As I mentioned above I think successful recovery will be problematic even for a professional. In addition to dealing with multiple disk failures, it sounds like you have no experience with data recovery. How much experience do you have with the linux command line interface? Have you ever worked with mdadm or btrfs using those interfaces? It is very easy to do more damage (making recovery even more difficult) if you don't really know what you are doing.

@halbertn wrote:

These hard drives are more than 5-6 years old and non enterprise. In hindsight, I should *not* have allowed the resync to occur and instead performed a backup of the NAS before resyncing the data. The resyncing of the raid array taxed disk3 resulting in its failure and breaking the whole system which I’m learning is quite common. At this point, I have lost 2 disks of my 6 hds, thus making recovery via the raid 5 configuration impossible.

Did you do something to trigger the resync? Or did it happen on its own???

FWIW, I think the lesson here is that RAID isn't enough to keep data safe - you definitely need a backuip plan in place to do that. Disks can fail without warning (as can a NAS or any storage device). Waiting until there's a failure to make a backup often results in waiting too long.

halbertn · ‎2024-03-28

@StephenB

Data is all personal/unique and important enough to attempt recovery. Not the end of the world if the data is lost, but valuable enough to try. My thinking is spend a little to do an initial but safe evaluation of my drives. If it does look possible for me to proceed with data recovery, pause and assess if I continue on my own or consult with a professional based on their price estimates.

I was unable to pull the latest logs from the RN 316 admin dashboard. Although I was able to navigate around the dashboard, each time I tried to download the logs, I was presented with a generic web service error. I don’t recall the error…I want to say it was a 503 error code. The web service was not able to respond to my request to download the logs.

Question: are you familiar enough with the internals of how RN 316 stores and manages its log? My thinking is it should have its own internal storage or memory to collect logs (and not use the hdd that make up the raid array). If so, I could remove and label all drives, power up the RN and connect to it and attempt to either download the logs from the web portal or ssh in and access the logs from the terminal. What do you think? Is this worth pursuing?

I do however, have logs from a day earlier, prior to the failure of the NAS. It’s important to note from the logs that disk3 has multiple warning reports.

Yes, the resync happened on its own. A scheduled scrub was running, which caused Disk2 to “lose sync” and that triggered the resync to automatically occur. This is what lead to Disk3s reported failure and then data volume dying.

Question: since the NAS reported that disk2 was offline and in a resync state, does this imply that any data that was on this disk to preserve the data volume has been lost or become invalid?
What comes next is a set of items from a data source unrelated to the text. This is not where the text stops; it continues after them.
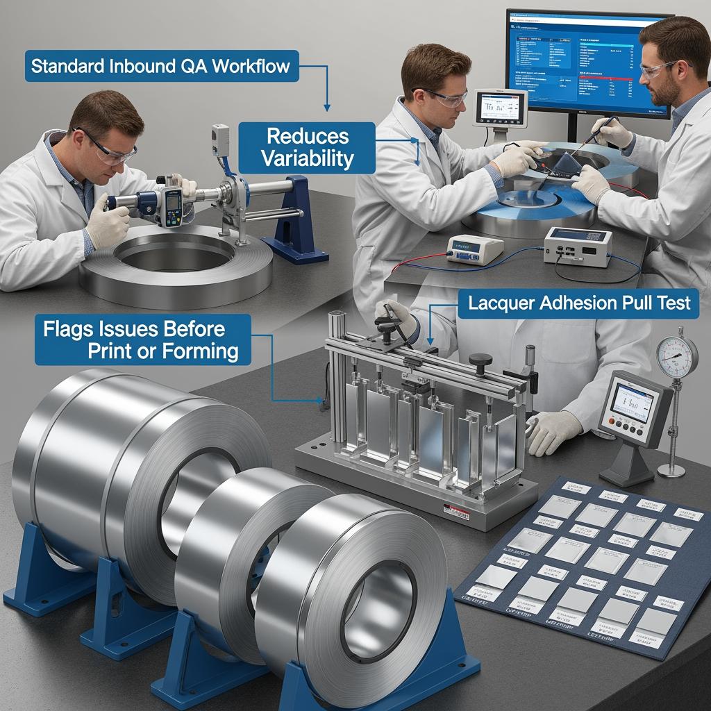 Standards underpin supplier alignment and inspection. Many buyers reference ISO 11949 for electrolytic tinplate definitions and test methods, and ASTM general requirements for tin mill products (e.g., dimensions, packaging, sampling, and key inspection protocols). What matters most is mapping your in-house acceptance criteria—coating continuity, passivation class, lacquer adhesion, and weld seam performance—to the corresponding test routines and tolerances in the standard you adopt.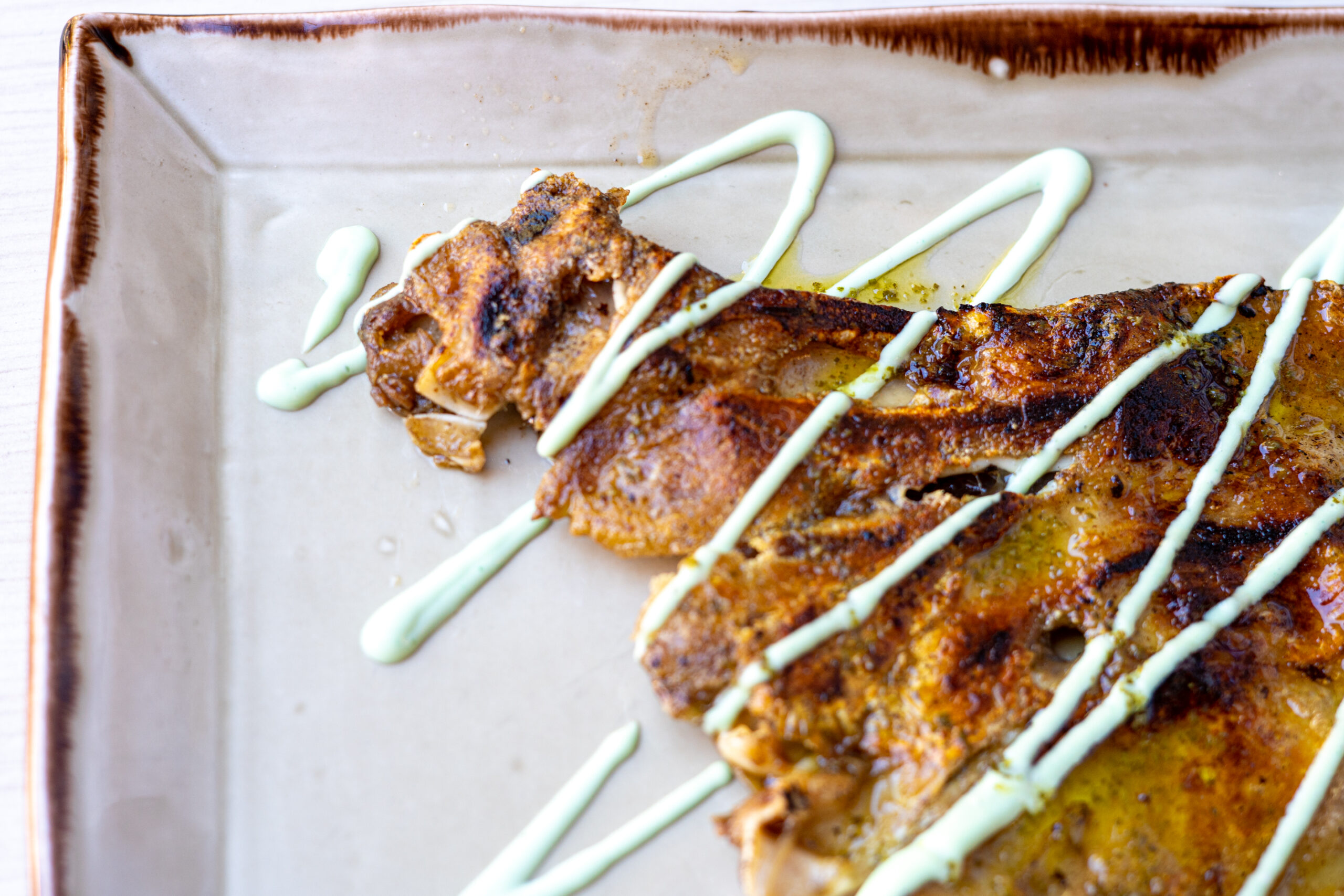 Servida entera permite al comensal cortarla con unas tijeras. Piezas reales de carne, cocinadas y adobadas por varias horas se rematan a la plancha y con una mayonesa de Wasabi. Un espectáculo.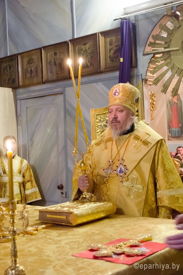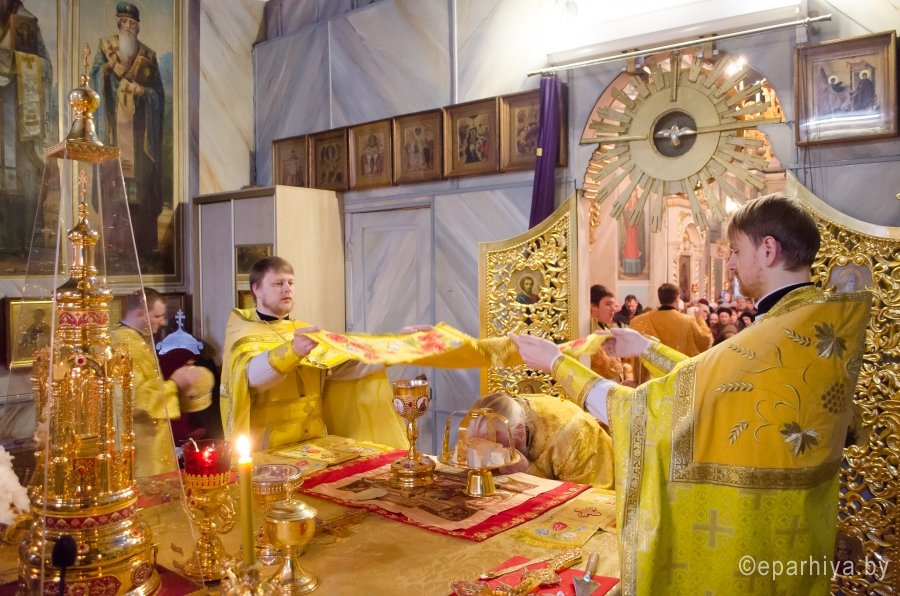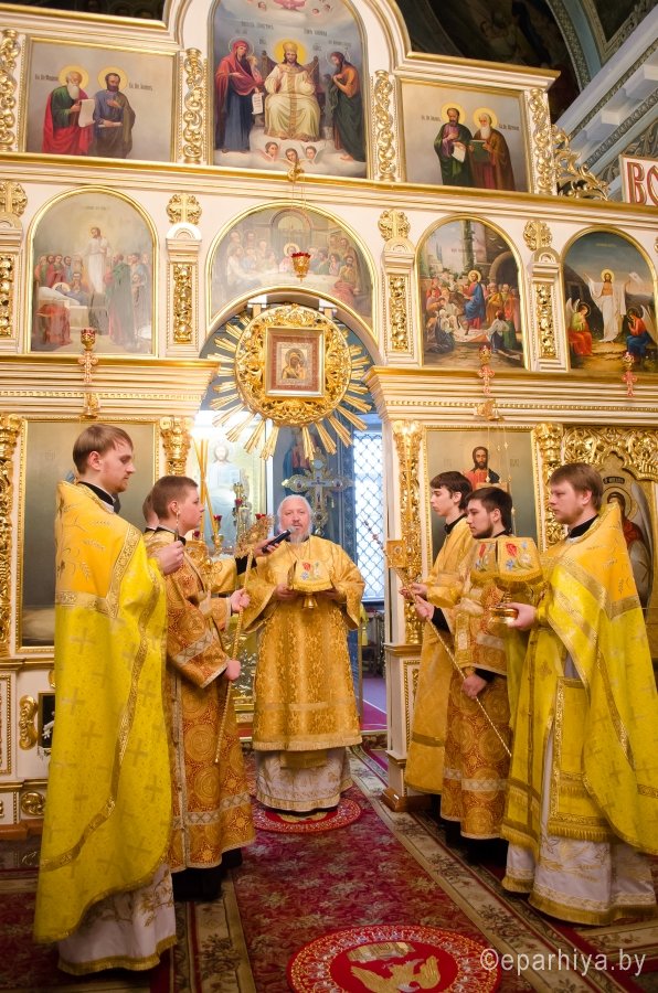 20 марта 2016г., в Неделю 1-ю Великого поста, Торжества Православия Преосвященнейший Стефан возглавил Божественную литургию в Свято-Петро-Павловском кафедральном соборе г.Гомеля. Преосвященному сослужили: секретарь Гомельской епархии протоиерей Георгия Алампиев и духовенство собора. По окончании богослужения Владыка обратился к молящимся со словом назидания, пожелав всем помощи Божией, поздравил причастников с принятием Святых Христовых Таин и преподал верующим архипастырское благословение. |

It had only been resyncing for a 3 hours of the 27 hours it estimated for completion. I’m asking b/c I want to know if I can even consider disk2 as a candidate for restoring the data from the NAS.

I don’t have experience in data recovery. I am very comfortable working in Linux environment and running command lines. I’m not experienced with mdadm or btrf so i would need to study up on those filesystems.
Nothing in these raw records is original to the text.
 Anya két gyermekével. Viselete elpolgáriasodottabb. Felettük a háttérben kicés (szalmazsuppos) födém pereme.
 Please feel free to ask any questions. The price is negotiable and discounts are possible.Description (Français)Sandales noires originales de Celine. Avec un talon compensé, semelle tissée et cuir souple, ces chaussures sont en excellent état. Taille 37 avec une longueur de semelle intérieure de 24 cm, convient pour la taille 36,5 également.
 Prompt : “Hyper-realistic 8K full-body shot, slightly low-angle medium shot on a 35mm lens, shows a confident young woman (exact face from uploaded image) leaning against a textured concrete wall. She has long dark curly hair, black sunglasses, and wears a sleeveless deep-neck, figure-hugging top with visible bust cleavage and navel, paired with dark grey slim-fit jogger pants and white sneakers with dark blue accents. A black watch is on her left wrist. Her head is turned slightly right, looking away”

The total volume size was at 18TB. I do see 20+ TB drives in the market that are reasonably priced. I prefer to proceed with your suggestion for cloning each drive as an image and store them on a single hard drive before attempting the data recovery process. At least I will then have images of each drive saved and can then decide how to proceed with data recovery using the original hard drives.

Question:

You suggested I connect each drive to a PC running Western Digitals dashboard utility to check the status of the drive. Are you referring to this https://support-en.wd.com/app/answers/detailweb/a_id/31759/~/download%2C-install%2C-test-drive-and-u...
Assuming tool recognizes the connected drive from the NAS, what should I be looking for?
I understand I can run various tests, but I’m not sure I want to run them at the risk of stressing the drives further.
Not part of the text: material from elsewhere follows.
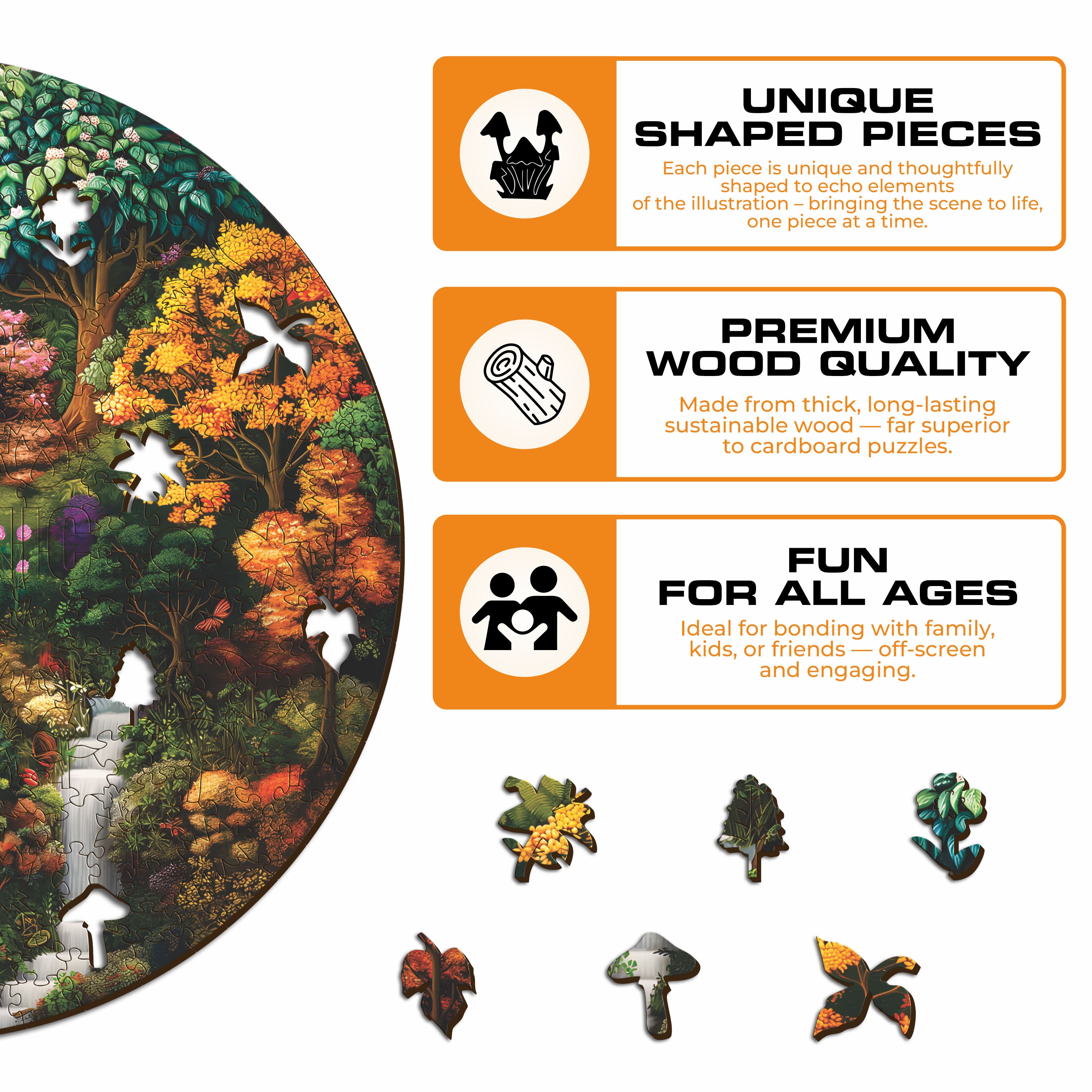 ✓ Each puzzle piece has a unique shape that depicts elements related to the nature.

Here’s my proposed plan. Please let me know what you think:

Purchase a 20TB+ hard drive for storing images of each cloned drive. Even if data recovery is impossible, I can utilize this drive for other purposes so I’m willing to make this expense in the beginning.
Connect disk3 (drive that was in a FAILED state) to a PC running WD dashboard.
If the drive is recognized by the dashboard, proceed with cloning the drive.
Question: I’m learning that ddrescue for Linux is the best tool for cloning. Assuming I get this far, I’d need to reboot the machine and open my Linux environment. Is this the right tool and env to use for cloning? Alternatively, I can setup ddrescue-gui in advance to be prepared to do a clone in a windows environment.

Thank you!

StephenB · ‎2024-03-28

@halbertn wrote:
I understand I can run various tests, but I’m not sure I want to run them at the risk of stressing the drives further.

That is a risk. You could limit the test to the short self test (which normally only takes about 2 minutes). If that fails, the drive has certainly failed. Though success wouldn't mean that the drive is ok, given the brevity of the test.

You can run essentially the same test using smartctl on a linux system.

@halbertn wrote:

Question: are you familiar enough with the internals of how RN 316 stores and manages its log?

Many of the files in the zip extracted from the systemd journal. There are some others - mdstat.log is a copy of \etc\mdstat. lsblk is just the output of lsblk, etc. If you can log in via ssh (or tech support mode) you can create the zip file manually with rnutil create_system_log -o </path/filename> Use root as the username when you log in.

@halbertn wrote:

Question: since the NAS reported that disk2 was offline and in a resync state, does this imply that any data that was on this disk to preserve the data volume has been lost or become invalid? It had only been resyncing for a 3 hours of the 27 hours it estimated for completion. I’m asking b/c I want to know if I can even consider disk2 as a candidate for restoring the data from the NAS.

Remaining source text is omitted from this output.